▸ YOUR INSTRUCTIONS:
Stop at the line that contains "A partir de". Until then, set down each line of the records exactly, beginning with the first, and skip pictures.
*** Opening EXERCISE INPUT ***
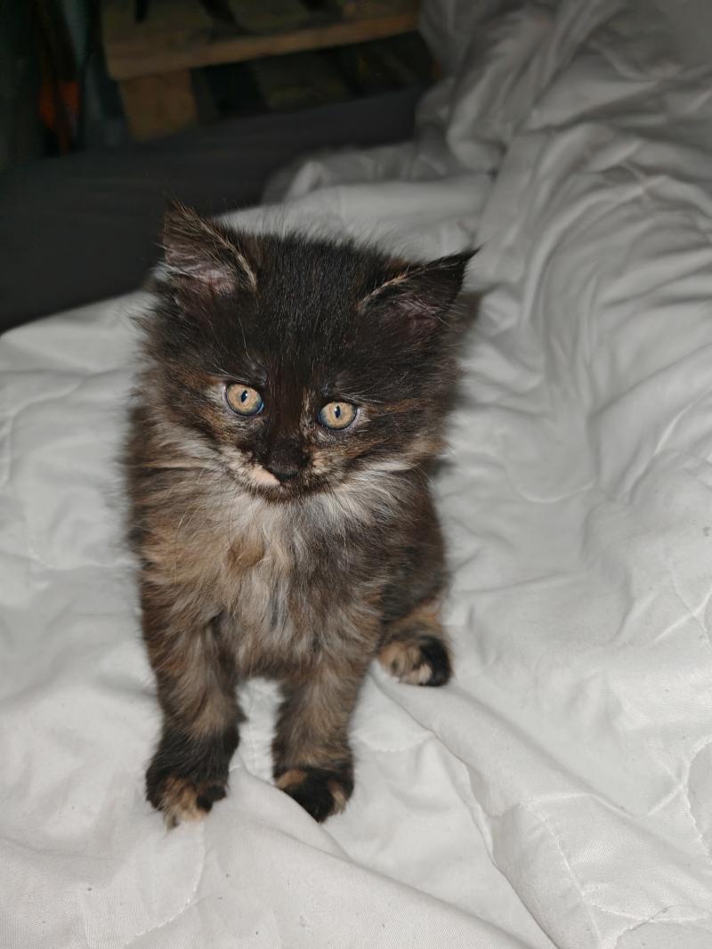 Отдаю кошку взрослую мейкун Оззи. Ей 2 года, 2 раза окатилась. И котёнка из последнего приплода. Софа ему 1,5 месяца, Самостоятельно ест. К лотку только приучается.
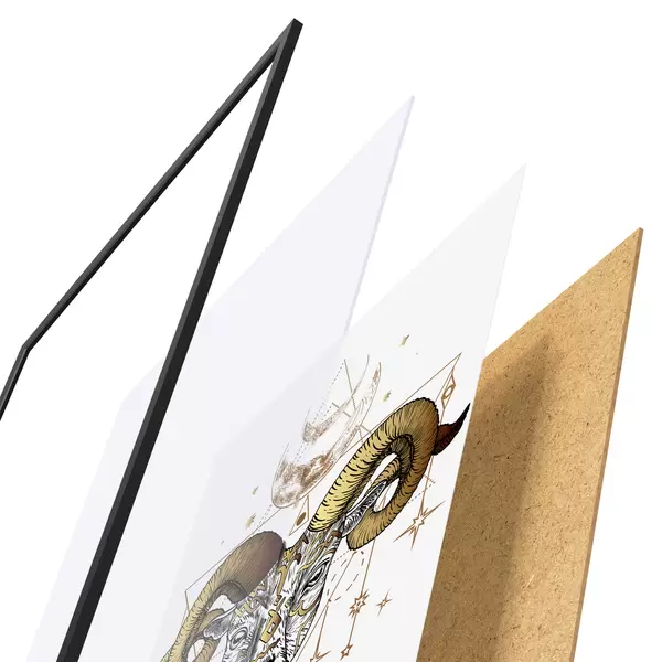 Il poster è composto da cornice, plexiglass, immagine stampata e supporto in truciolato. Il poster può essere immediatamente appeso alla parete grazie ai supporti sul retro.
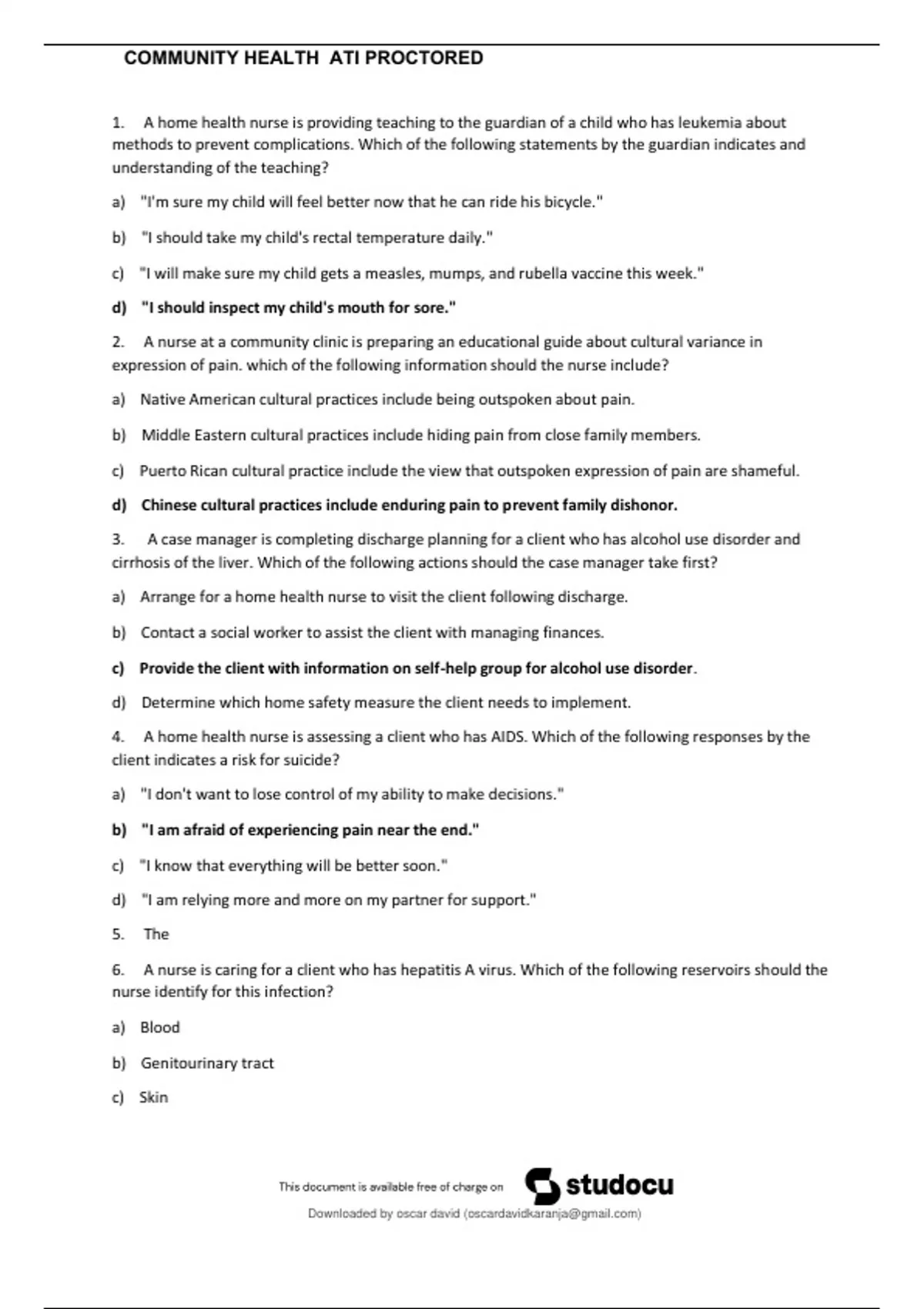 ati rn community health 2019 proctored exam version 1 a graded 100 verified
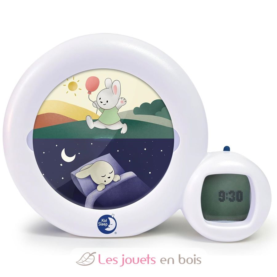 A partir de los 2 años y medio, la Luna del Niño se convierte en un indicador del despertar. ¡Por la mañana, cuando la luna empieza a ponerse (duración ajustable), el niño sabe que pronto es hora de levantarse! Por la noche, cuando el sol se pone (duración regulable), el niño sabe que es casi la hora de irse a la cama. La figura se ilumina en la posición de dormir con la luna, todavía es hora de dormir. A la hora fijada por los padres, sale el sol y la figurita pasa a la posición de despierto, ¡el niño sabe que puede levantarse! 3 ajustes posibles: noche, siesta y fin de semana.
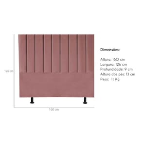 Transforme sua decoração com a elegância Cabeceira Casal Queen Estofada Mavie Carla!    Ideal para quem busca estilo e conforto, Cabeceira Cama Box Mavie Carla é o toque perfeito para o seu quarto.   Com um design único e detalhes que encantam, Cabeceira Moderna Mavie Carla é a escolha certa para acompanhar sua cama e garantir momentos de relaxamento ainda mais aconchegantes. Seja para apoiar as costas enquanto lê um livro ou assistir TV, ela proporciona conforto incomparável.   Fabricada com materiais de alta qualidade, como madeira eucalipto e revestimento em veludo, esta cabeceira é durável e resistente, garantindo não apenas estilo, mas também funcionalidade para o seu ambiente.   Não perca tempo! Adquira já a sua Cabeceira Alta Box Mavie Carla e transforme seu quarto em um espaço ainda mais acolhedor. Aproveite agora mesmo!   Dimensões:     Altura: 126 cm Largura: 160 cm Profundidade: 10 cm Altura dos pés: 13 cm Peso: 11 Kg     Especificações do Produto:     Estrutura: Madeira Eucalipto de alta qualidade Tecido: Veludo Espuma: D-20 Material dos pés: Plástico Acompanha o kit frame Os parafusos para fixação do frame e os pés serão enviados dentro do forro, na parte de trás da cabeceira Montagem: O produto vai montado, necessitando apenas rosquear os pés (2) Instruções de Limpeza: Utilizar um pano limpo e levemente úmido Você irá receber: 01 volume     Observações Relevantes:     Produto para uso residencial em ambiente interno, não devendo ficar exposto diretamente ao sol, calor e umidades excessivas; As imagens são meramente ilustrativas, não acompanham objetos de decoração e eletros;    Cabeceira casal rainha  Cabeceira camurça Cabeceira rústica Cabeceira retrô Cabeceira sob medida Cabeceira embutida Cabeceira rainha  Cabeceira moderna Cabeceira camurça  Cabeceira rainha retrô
*** Closing EXERCISE INPUT ***
▸ REPLY TO THE TASK:
 Отдаю кошку взрослую мейкун Оззи. Ей 2 года, 2 раза окатилась. И котёнка из последнего приплода. Софа ему 1,5 месяца, Самостоятельно ест. К лотку только приучается.
 Il poster è composto da cornice, plexiglass, immagine stampata e supporto in truciolato. Il poster può essere immediatamente appeso alla parete grazie ai supporti sul retro.
 ati rn community health 2019 proctored exam version 1 a graded 100 verified
 A partir de los 2 años y medio, la Luna del Niño se convierte en un indicador del despertar. ¡Por la mañana, cuando la luna empieza a ponerse (duración ajustable), el niño sabe que pronto es hora de levantarse! Por la noche, cuando el sol se pone (duración regulable), el niño sabe que es casi la hora de irse a la cama. La figura se ilumina en la posición de dormir con la luna, todavía es hora de dormir. A la hora fijada por los padres, sale el sol y la figurita pasa a la posición de despierto, ¡el niño sabe que puede levantarse! 3 ajustes posibles: noche, siesta y fin de semana.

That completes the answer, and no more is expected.